今天我对你的爱胜过昨天，而明天会胜过今天。
This is a Chinese translation of the English, which, I think, makes sense at the same time.  But it sounds clumsy and redundant, though it means the same as 我对你的爱与日俱增， which is more concise.


----------



## Staarkali

you dont want to be clumsy nor redundant when talking sweet, but you dont especially wish to be concise. I think Rhapsodia opened a new door, to use 胜过 which may appropriately used for feeling, let me try with that:
我爱你爱得与日俱增 (with Toona's suggestion)

another try:
我对你的爱胜过昨天，也没有明天笃。。
but im not sure how to qualify the love:
也没有明天笃
也没有明天猛烈
也没有明天强烈
or another one?

Please correct me.


----------



## Rossignol

Staarkali said:


> To use 胜过 which may appropriately used for feeling, let me try with that: 我爱你爱得与日俱增 (with Toona's suggestion)
> 
> Another try:
> 我对你的爱胜过昨天，也没有明天笃。。
> but im not sure how to qualify the love:
> 也没有明天笃
> 也没有明天猛烈
> 也没有明天强烈
> or another one?





> Originally Posted by *Toona*
> The right expression: 我对你的爱与日俱增。
> never this expression:我对你的爱比昨天增加了，也没有明天的厉害
> I am a Chinese native speaker.
> 
> Originally Posted by *Rhapsodia*
> For "* I love you much more than yesterday but less than tomorrow*", I would put it in another way with Chinese:
> 
> 今天我对你的爱胜过昨天，而明天会胜过今天。


Yep, I think there's no any translation which fits correctly from European meaning to Chinese thinking.
It's true, also, I don't want to be clumsy nor redundant.
Yet, I want to know how that expressions may change if other words are added...
*Finally, can somebody tell them to me in pinyin?*


----------



## Aoyama

What about : for* I love you much more than yesterday but less than tomorrow*" : 今天我对你的爱比昨天大可是比明天小 ... ? (lit.: my love is bigger ... but smaller ...).


----------



## Staarkali

Maybe 今天我对你的爱比昨天胜过了也没有明天大 based on Aoyama suggestion, but i dont like the use of 小 and 大 to 形容 feelings. 应该有更合适的形容词..

我也不太喜欢这里的比较用法,还是说TOONA的建议比较好:

*我爱你爱得与日俱增* (wo3 ai4 ni3 ai4 de yu3 ri4 ju4 zeng1)


----------



## campesino44

Staarkali said:


> Maybe 今天我对你的爱比昨天胜过了也没有明天大 based on Aoyama suggestion, but i dont like the use of 小 and 大 to 形容 feelings. 应该有更合适的形容词..
> 
> 我也不太喜欢这里的比较用法,还是说TOONA的建议比较好:
> 
> *我爱你爱得与日俱增* (wo3 ai4 ni3 ai4 de yu3 ri4 ju4 zeng1)



personally, I don't think it is any better. Sorry, am being slightly annoyed by all the simplified chinese characters here  jejeje.

I don't think "*我爱你爱得与日俱增*" is grammatically correct.
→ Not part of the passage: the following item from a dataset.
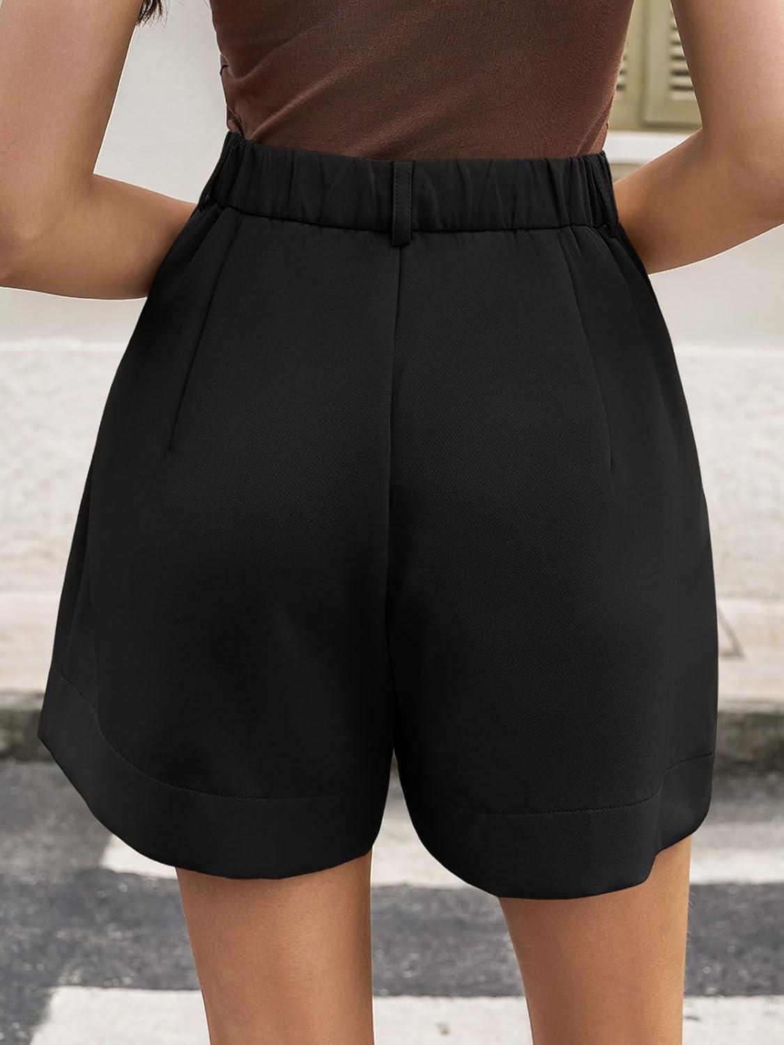 Cicy Bell Womens Wide Leg Dressy Shorts Casual Summer High Waisted Tailored Work Suits Shorts(Black)

Though I am sure that people don't talk about grammar in mandarin, it is rather obvious that the sentence is uncorrect.

You should just say "我對你的愛與日俱增" according to what the pinyin said.

as for "*I love you much more than yesterday but less than tomorrow*"

you can translate it like "我比昨天更愛你,但是不及明天的更強烈" the latter part of the sentence refers to that "我對你的愛與日俱增"

i hope it helps! 

ps. i hope u can understand traditional mandarin characters


----------